OAK BROOK, Ill. - When used with a common heart scan, machine learning (ML), a type of artificial intelligence, does better than conventional risk models at predicting heart attacks and other cardiac events, according to a study published in the journal Radiology.
Heart disease is the leading cause of death for both men and women in the United States. Accurate risk assessment is crucial for early interventions including diet, exercise and drugs like cholesterol-lowering statins. However, risk determination is an imperfect science, and popular existing models like the Framingham Risk Score have limitations, as they don't directly consider the condition of the coronary arteries.
Coronary computed tomography arteriography (CCTA), a kind of CT that gives highly detailed images of the heart vessels, is a promising tool for refining risk assessment--so promising that a multidisciplinary working group recently introduced a scoring system for summarizing CCTA results. The decision-making tool, known as the coronary artery disease reporting and data system (CAD-RADS), emphasizes stenoses, or blockages and narrowing in the coronary arteries. While CAD-RADS is an important and useful development in the management of cardiac patients, its focus on stenoses may leave out important information about the arteries, according to study lead author Kevin M. Johnson, M.D., associate professor of radiology and biomedical imaging at the Yale School of Medicine in New Haven, Conn.

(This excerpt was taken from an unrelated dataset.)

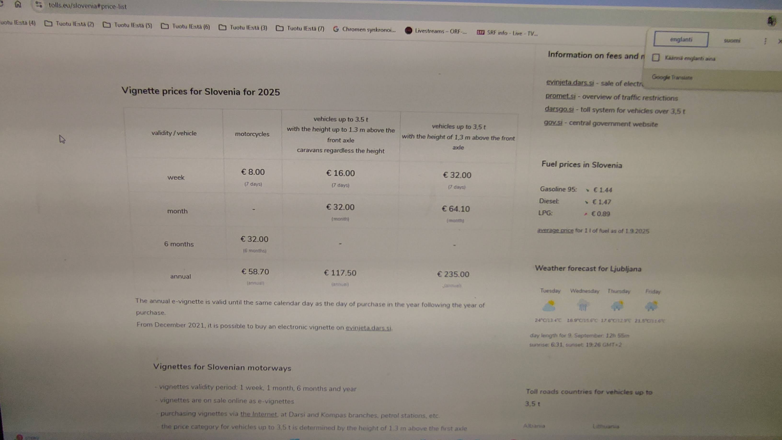 Sloveniassa annettiin helpotusta matka-autoille, enää ei ole etupyörän kohdan korkeusrajoitusta 1,3 m joka nostaisi seuraavaan luokkaan. Tosin rekisteriote ei tunne käsitettä matkailuauto vaan kaikki matkikset ovat henkilöautoja. Itse olen maksanut halvimman mukaan, vielä muutama vuosi sitten kalliimman.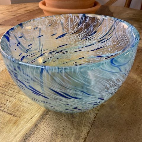 Flott skål, vintage, ‘flowerpot Danmark Norge’. Mønster av skjell i fasongen.

Noting that CCTA shows more than just stenoses, Dr. Johnson recently investigated an ML system capable of mining the myriad details in these images for a more comprehensive prognostic picture.
"Starting from the ground up, I took imaging features from the coronary CT," he said. "Each patient had 64 of these features and I fed them into a machine learning algorithm. The algorithm is able to pull out the patterns in the data and predict that patients with certain patterns are more likely to have an adverse event like a heart attack than patients with other patterns."
For the study, Dr. Johnson and colleagues compared the ML approach with CAD-RADS and other vessel scoring systems in 6,892 patients. They followed the patients for an average of nine years after CCTA. There were 380 deaths from all causes, including 70 from coronary artery disease. In addition, 43 patients reported heart attacks.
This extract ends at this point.